2. Servlet filter development steps the steps of developing servlet filter are as follows: ① write the servlet class that implements the filter interface. ② On the web Configure filter in XML. To develop a filter, you need to implement the filter interface. The filter interface defines the following methods: ① destroy() is called by the web container to initialize the filter. ② init (filterconfig filterconfig) is called by the web container to initialize the filter. ③ dofilter (ServletRequest request, servletresponse response, filterchain chain) specific filter processing code.
3. A filter framework instance simplefilter1 java
SimpleFilter2. java
web. xml
Open any page in the web container and output the results: (note the request / response order executed by the filter)

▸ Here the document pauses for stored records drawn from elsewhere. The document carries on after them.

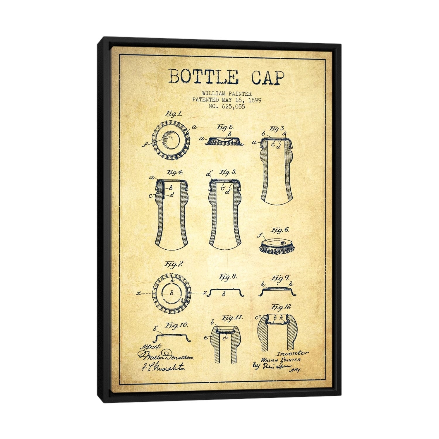 iCanvas "Bottle Cap Vintage Patent Blueprint" by Aged Pixel Framed Canvas Print
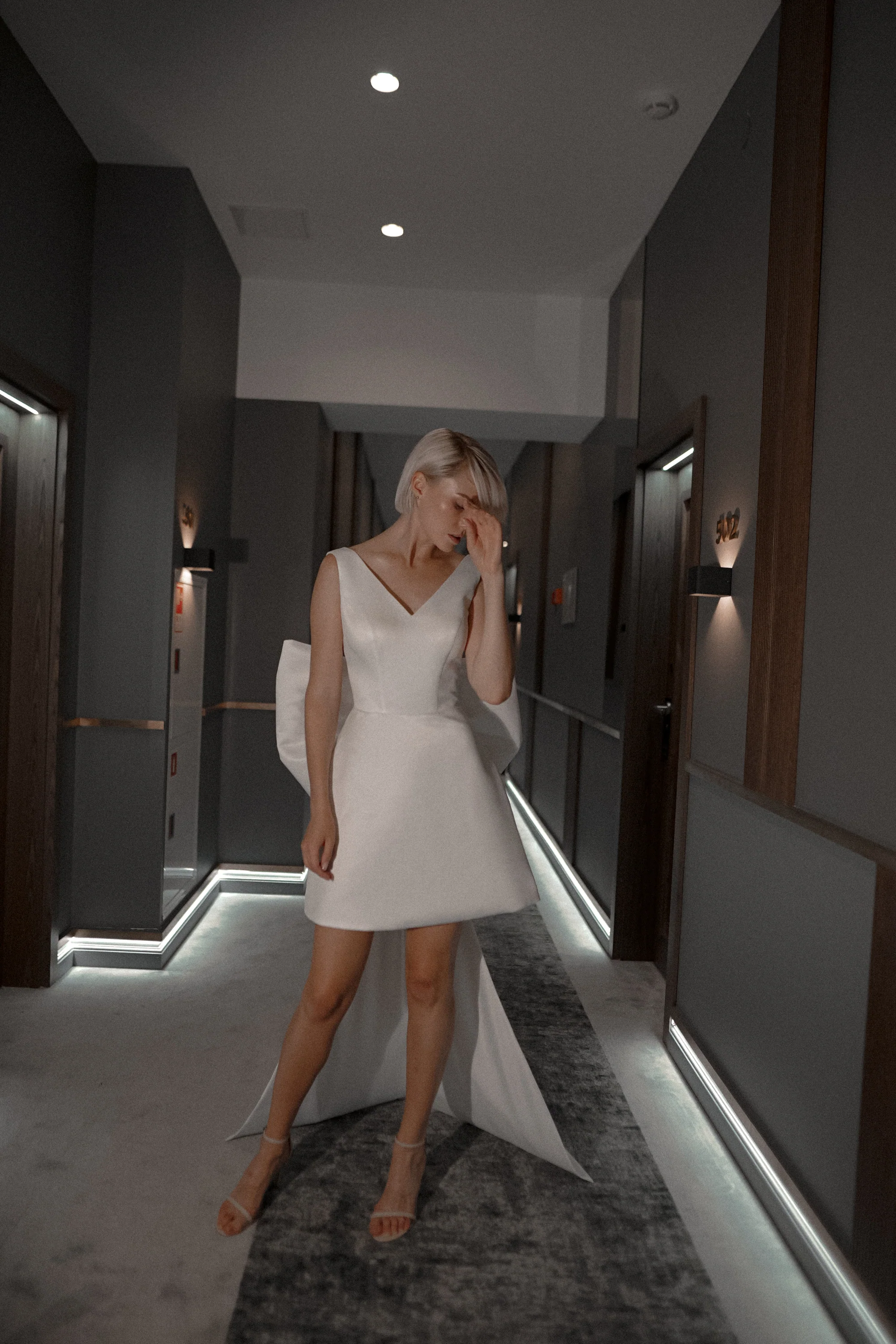 Light ivory Short Wedding Dress Tofa with Huge Bow
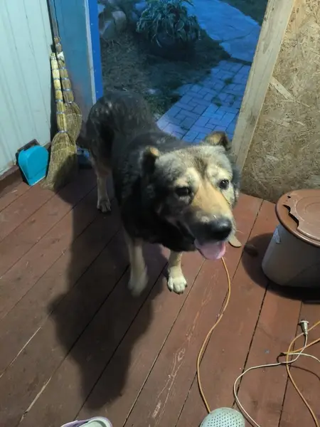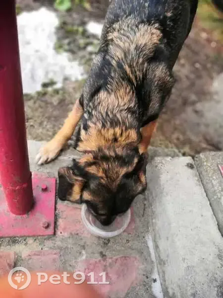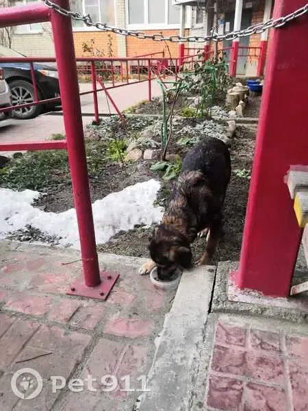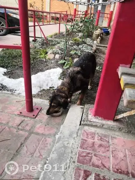 Окрас от коричневого до темно коричневого цвета. Вроде девочка, боязливая в руки не даётся. Есть ошейник. Собака скорее всего домашняя, чистая. С утра сидит во дворе по улице Промышленная.

4. Report filter let's try a simple filter. As long as the relevant servlet or JSP page is called, it will print a message to the standard output. To achieve this, the filtering behavior is performed in the dofilter method. Whenever the servlet or JSP page associated with this filter is called, the dofilter method generates a printout listing the requesting host and the URL of the call. Because the getrequesturl method is located in HttpServletRequest instead of ServletRequest, the ServletRequest object is constructed as HttpServletRequest type. Let's change simplefilter1 in Chapter 3 java。 SimpleFilter1. java
web. XML settings remain unchanged, the same as Chapter 3. Test: enter [url] http://localhost:8080/Test4Jsp/login.jsp [/ url] result:
5. Under the filter during access (use servlet initialization parameters in the filter), use init to set a normal access time range and record those accesses that are not in this time period. Let's change simplefilter2.java in Chapter 3.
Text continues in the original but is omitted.